Alors qu’on s’adressait auparavant à des élèves en fin de secondaire, on cible désormais les plus jeunes, ceux des secondaires 1 et 2, laisse savoir l’agent Éric Huard.

Depuis l’avènement des réseaux sociaux, l’interconnexion permanente des jeunes semble inévitable. Avec le phénomène de la cyberintimidation, la manipulation par sexto a fait son apparition chez les adolescents. 

Le phénomène de l’hypertrucage est relativement nouveau, fait remarquer l’agent Huard. Les applications photographiques et vidéos de plus en plus raffinées rendre le dérapage encore plus aisé, selon ce qu’en constate l’agent Huard. « Avec les nouvelles applications, c’est encore plus accessible et on atteint une qualité d’image ultra réaliste », précise le policier.

Tout est modifiable

On pense à la photo, mais il y a aussi le «Deep Fake», relié à l’intelligence artificielle et qui permet de modifier entièrement une vidéo, avec visage et voix truqués. Elle peut paraître vraie, mais elle ne l’est pas. Le tout est trompeur, ce qui peut donc entraîner de graves conséquences pour celui ou celle qui en est le protagoniste malgré lui.

Avec l’hypertrucage de photos, on voit des cas de faux nus créés par des adolescents. « Plusieurs applications d’intelligence artificielle permettent de créer, à l’aide de photos accessibles, un avatar ou une photo de vous trompeuse de nature sexuelle. Il s’agit d’un cas de faux nus », rapporte la RIPTB.

Abus et conséquences

C’est que la manipulation par l’image entraîne de lourdes conséquences chez les jeunes qui en sont les victimes.

« Il y a des conséquences d’ordre psychologique qui viennent toucher la confiance, l’estime de soi et la perte de contrôle », souligne l’agent Huard, en ajoutant qu’il faut avant tout prévenir les parents et les mettre en garde contre l’usage de ce genre d’outil numérique.

Certains adolescents créent ce genre de contenu impliquant d’autres jeunes dans le but de les humilier. Bien des jeunes qui en abusent ne réalisent pas les poursuites pénales auxquelles ils s’exposent. 

La RIPTB a été interpellée par des dossiers complexes de cette nature, et dans les écoles sur son territoire, notamment, un dossier qui impliquait plus de 50 personnes. 

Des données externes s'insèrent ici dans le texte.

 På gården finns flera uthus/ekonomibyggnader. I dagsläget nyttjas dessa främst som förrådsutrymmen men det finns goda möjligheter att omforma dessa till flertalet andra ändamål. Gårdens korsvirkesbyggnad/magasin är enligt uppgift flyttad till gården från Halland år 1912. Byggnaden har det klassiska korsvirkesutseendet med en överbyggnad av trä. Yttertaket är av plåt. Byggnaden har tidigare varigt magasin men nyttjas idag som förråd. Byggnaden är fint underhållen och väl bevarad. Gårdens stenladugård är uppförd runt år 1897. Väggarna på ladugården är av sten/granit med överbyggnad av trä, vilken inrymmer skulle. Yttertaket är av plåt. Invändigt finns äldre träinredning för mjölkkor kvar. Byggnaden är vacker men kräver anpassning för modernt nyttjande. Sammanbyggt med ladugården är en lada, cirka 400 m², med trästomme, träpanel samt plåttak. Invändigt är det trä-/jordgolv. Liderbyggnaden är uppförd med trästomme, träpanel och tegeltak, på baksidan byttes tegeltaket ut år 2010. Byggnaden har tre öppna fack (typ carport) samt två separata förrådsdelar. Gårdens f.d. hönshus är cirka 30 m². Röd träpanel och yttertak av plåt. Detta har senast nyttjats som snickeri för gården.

« L’impact sur la victime est bien réel et le contenu peut devenir particulièrement difficile à faire disparaître. Le simple fait d’être en possession du contenu de ce genre photo sur votre téléphone peut mener à des accusations de possession de pornographie juvénile telle que l’indique l’article 163.1 (4) du Code criminel », soutient le service des communications du corps policier. 

« Bien que ce soit du contenu fabriqué, si nous sommes en mesure d’identifier une personne d’âge mineur et que la caractéristique dominante est de nature sexuelle, cela correspond à la définition de pornographie juvénile au sens de la loi », prévient la RIPTB, qui fait référence à l’article 163.1 du Code criminel. 

Difficile de tout effacer

Dans un communiqué de presse envoyé récemment, Me Joanny H. St-Pierre, procureure et coordonnatrice provinciale en matière d’exploitation sexuelle des enfants sur Internet, s’exprimait à cet effet.  

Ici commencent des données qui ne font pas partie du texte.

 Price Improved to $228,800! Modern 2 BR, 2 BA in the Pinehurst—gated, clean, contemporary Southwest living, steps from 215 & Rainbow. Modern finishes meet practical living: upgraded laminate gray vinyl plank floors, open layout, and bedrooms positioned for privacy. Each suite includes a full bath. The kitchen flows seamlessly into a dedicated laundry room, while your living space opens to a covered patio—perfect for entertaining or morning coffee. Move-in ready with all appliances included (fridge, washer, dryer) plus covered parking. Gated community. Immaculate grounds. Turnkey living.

« Le matériel et qui dépeint un enfant (une personne de moins de 18 ans) dans un contexte où son intégrité physique est mise en jeu, que ce soit réellement son corps ou non, a des impacts importants qui pourront perdurer toute sa vie chez cet enfant. C’est particulièrement le cas du matériel qui est diffusé sur Internet, puisqu’il devient difficile de mettre fin à la diffusion. Il faut donc faire de la sensibilisation pour que les gens ne créent pas de matériel d’hypertrucage impliquant la nudité de qui que ce soit (particulièrement celle d’un enfant) mais surtout, pour que du matériel de cette nature ne soit pas disséminé sur Internet ni à qui que ce soit. Si vous êtes victime de ce type de procédé, n’hésitez pas à aller chercher de l’aide et à dénoncer. La faute repose sur celui ou celle qui crée ce montage et qui en fait la diffusion, par sur la personne qui en est la cible. »   

« La prévention reste le principal outil afin de limiter les cas d’hypertrucage. C’est grâce à une dénonciation rapide à un membre du personnel scolaire ou au service de police qu’il est possible d’enrayer la propagation de contenu », conclut l’agent Éric Huard.